Once the line containing "数字を「特別なもの」ではなく" is found in the records below, return it and each following line exactly, up to and including the line containing "공식 탐방로에는 색깔별로 난이도가 표시되어 있습니다.", and nothing else.

RECORDS PROVIDED:
[Start of section]
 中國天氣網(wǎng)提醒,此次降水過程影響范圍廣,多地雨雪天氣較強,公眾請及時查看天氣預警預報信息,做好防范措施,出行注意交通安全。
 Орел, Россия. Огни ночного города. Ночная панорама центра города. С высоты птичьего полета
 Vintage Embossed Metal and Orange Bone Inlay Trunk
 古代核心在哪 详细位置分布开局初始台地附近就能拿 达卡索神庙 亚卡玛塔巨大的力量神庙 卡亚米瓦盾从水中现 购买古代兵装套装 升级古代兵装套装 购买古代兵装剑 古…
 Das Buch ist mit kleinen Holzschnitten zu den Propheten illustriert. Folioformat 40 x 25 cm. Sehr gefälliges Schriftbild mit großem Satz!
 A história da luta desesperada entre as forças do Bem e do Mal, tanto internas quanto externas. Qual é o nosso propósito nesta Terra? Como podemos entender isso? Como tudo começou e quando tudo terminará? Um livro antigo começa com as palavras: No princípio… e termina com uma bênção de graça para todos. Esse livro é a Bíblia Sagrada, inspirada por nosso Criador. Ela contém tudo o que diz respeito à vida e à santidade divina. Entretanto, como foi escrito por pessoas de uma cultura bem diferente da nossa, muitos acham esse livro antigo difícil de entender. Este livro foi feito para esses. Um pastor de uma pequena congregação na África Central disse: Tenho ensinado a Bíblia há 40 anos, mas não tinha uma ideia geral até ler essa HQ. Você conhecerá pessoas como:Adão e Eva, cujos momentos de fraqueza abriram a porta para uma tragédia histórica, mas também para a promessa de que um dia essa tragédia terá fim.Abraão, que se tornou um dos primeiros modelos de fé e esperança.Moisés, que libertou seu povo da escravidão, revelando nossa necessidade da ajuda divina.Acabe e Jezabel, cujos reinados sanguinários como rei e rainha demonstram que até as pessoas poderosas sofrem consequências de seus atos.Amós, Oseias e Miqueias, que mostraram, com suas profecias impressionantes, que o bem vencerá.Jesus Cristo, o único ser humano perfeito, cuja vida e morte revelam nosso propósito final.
[End of section]
[Start of section]
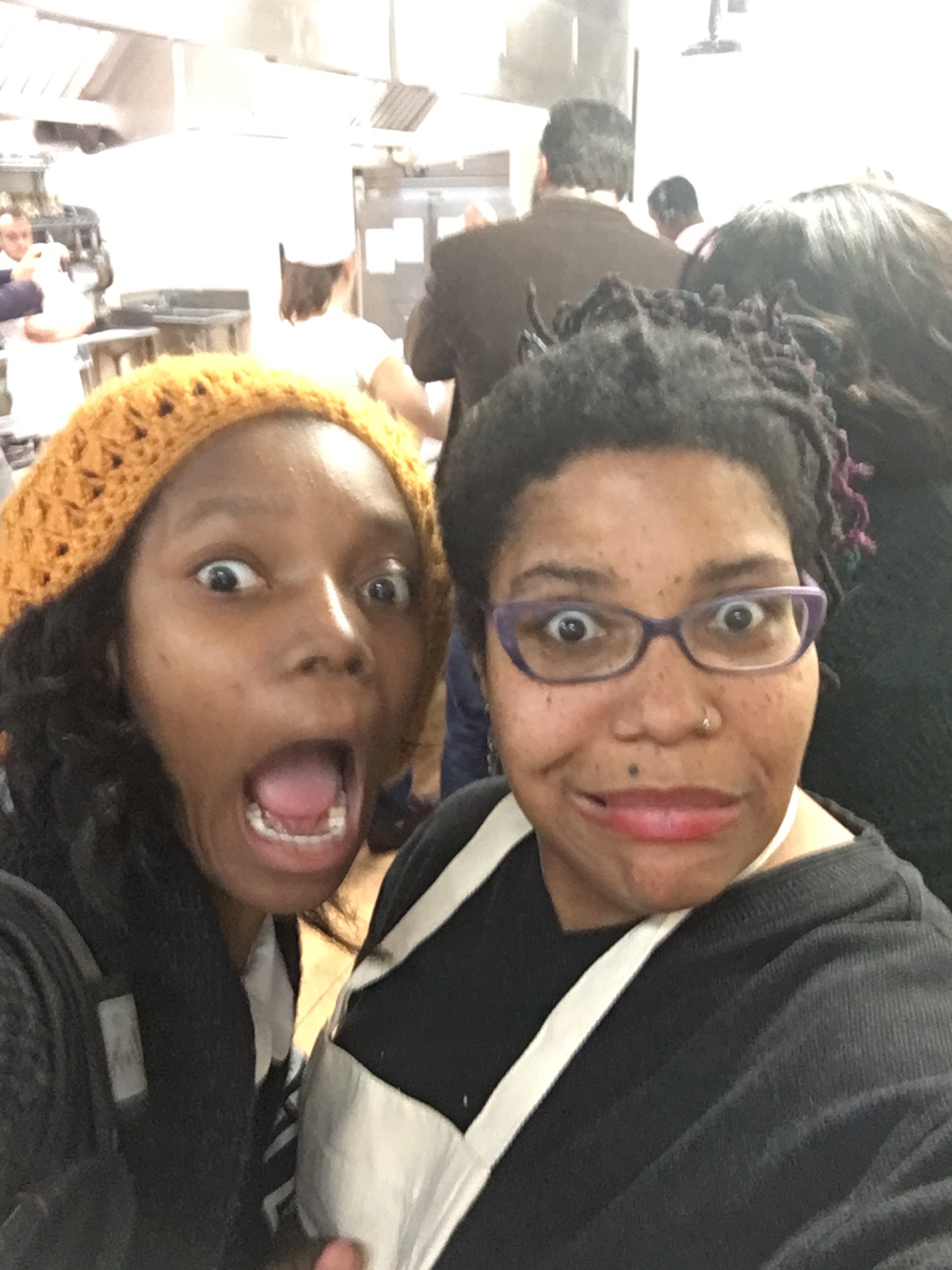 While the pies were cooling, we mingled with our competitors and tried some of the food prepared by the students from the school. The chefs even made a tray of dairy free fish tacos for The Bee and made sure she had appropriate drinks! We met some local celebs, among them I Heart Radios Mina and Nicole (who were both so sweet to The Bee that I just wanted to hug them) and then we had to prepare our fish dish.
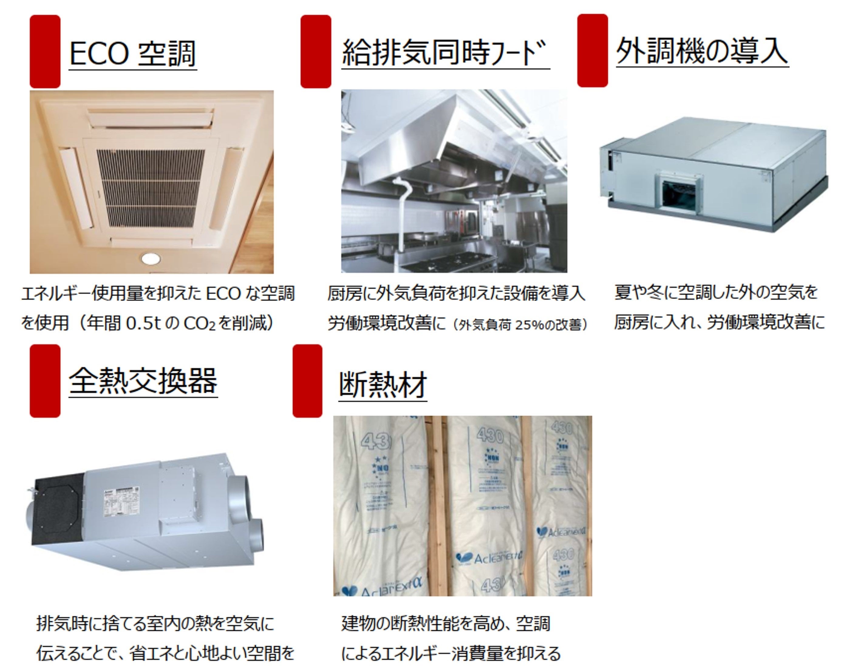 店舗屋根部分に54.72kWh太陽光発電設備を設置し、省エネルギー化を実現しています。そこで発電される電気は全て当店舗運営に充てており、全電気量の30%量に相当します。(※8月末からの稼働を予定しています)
[End of section]
[Start of section]
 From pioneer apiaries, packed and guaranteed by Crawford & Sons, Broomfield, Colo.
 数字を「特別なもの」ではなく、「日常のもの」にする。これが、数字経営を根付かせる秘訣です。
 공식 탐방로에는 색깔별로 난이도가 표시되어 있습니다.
[End of section]
RESPONSE AREA:
 数字を「特別なもの」ではなく、「日常のもの」にする。これが、数字経営を根付かせる秘訣です。
 공식 탐방로에는 색깔별로 난이도가 표시되어 있습니다.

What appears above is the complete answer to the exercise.